Following a second capital increase reserved for Imetal, which is the other major shareholder in Peñarroya, the latter changed its name to Metaleurop SA.

(16) Metaleurop has thus taken the place of Peñarroya and comprises all the metals activities formerly owned by Preussag and Peñarroya.

(17) Prior to the concentration of their metals activities, the undertakings in question held relatively large shares of both the Community zinc and lead markets. Peñarroya's market share in zinc was approximately 12 % and Preussag's in the region of 8 %.

In the market for lead, Peñarroya held approximately 18 %, whilst Preussag's was approximately 11 %.

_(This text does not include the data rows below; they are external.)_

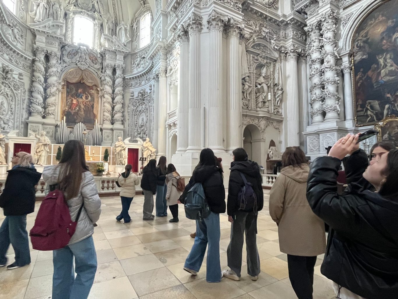 Der erste Zwischenstopp führte uns zur Walhalla in Donaustauf. Diese wurde von Ludwig I. König von Bayern in Auftrag gegeben, 1830 erfolgte die Grundsteinlegung und 1842 die Eröffnung. Architekt dieser einzigartigen Ruhm- und Ehrenhalle war Leo von Klenze. Im Inneren der Ruhmeshalle finden sich viele Büsten bedeutender Persönlichkeiten, wie Johann Sebastian Bach, Richard Strauss oder auch Sophie Scholl. Auch eine überlebensgroße Statue von Ludwig I. König von Bayern kann bestaunt werden. Aber nicht nur die Walhalla selbst, sondern auch der atemberaubende Ausblick vom Bräuberg auf die Donau und die umliegenden Landschaft ist einen Ausflug wert. Bei strahlendem Sonnenschein genossen wir die Aussicht.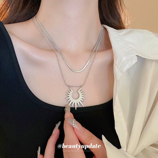 A廠【HN6493】鈦鋼不銹鋼雙層太陽吊墜項鍊時尚氣質鎖骨鏈歐美輕奢高級感飾品女 24.06-4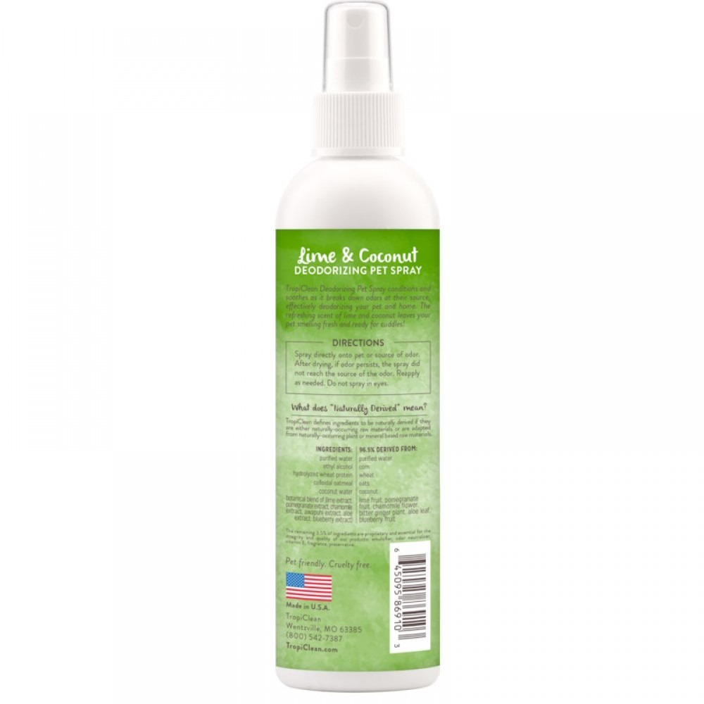 Κολόνια μεγάλης διάρκειας που διασπά τις άσχημες μυρωδιές στην πηγή τους, δροσίζοντας αποτελεσματικά το κατοικίδιο και το σπίτι σας. Το γλυκό και φρουτώδες άρωμα από την καρύδα και το λάιμ αφήνει το ζωάκι σας να μυρίζει φρεσκάδα και να είναι έτοιμο για αγκαλιές!

As a result, neither party held a dominant position in the market for the products forming the subject of the merger in question, thus excluding the application of the case law of the Court of Justice in Continental Can (1) in this case.

(18) Despite the size of the merger between Peñarroya and Preussag which gives the new economic entity, Metaleurop, approximately 20 % of the zinc market and some 30 % of the lead market, it seems unlikely to prevent the maintenance of effective competition on the Community market, chiefly because of the presence of other major producers and the continued flow of a large number of imports into the Community from non-member countries.

Similarly, the characteristics of price formation in the lead and zinc sectors and the essentially speculative nature of transactions within the LME make it highly unlikely that Metaleurop will have a decisive influence on the formation of prices.

(19) There are therefore no grounds for concern that the operation in question will have the effect of impeding effective competition contrary to the provisions of Article 86. Consequently, a negative clearance may be issued in accordance with Article 2 of Regulation No 17,

HAS ADOPTED THIS DECISION:

Article 1

On the basis of the facts in its possession, the Commission has no grounds for action pursuant to Article 86 of the EEC Treaty in respect of the transaction decided on 22 April 1988 between Preussag and Peñarroya.

Article 2

This Decision is addressed to Preussag Aktiengesellschaft, Leibnitzufer 9, 3 000 Hannover 1, Federal Republic of Germany and Metaleurop SA, 118 Péripole, 44 rue Roger Salengro, 94126 Fontenay-sous-Bois, Cedex, France.

Done at Brussels, 26 June 1990.

For the Commission

Leon BRITTAN

Vice-President

(1) OJ No 13, 21. 2. 1962, p. 204/62.

(2) OJ No C 100, 21. 4. 1989, p. 2.

(1) OJ No L 220, 17. 8. 1984, p. 27.

(2) Metal Bulletin, 30. 12. 1988, No 7347, p. 7.

(1) Judgment of the Court of 21 February 1973, Case No 6-72, 1973, ECR, p. 215.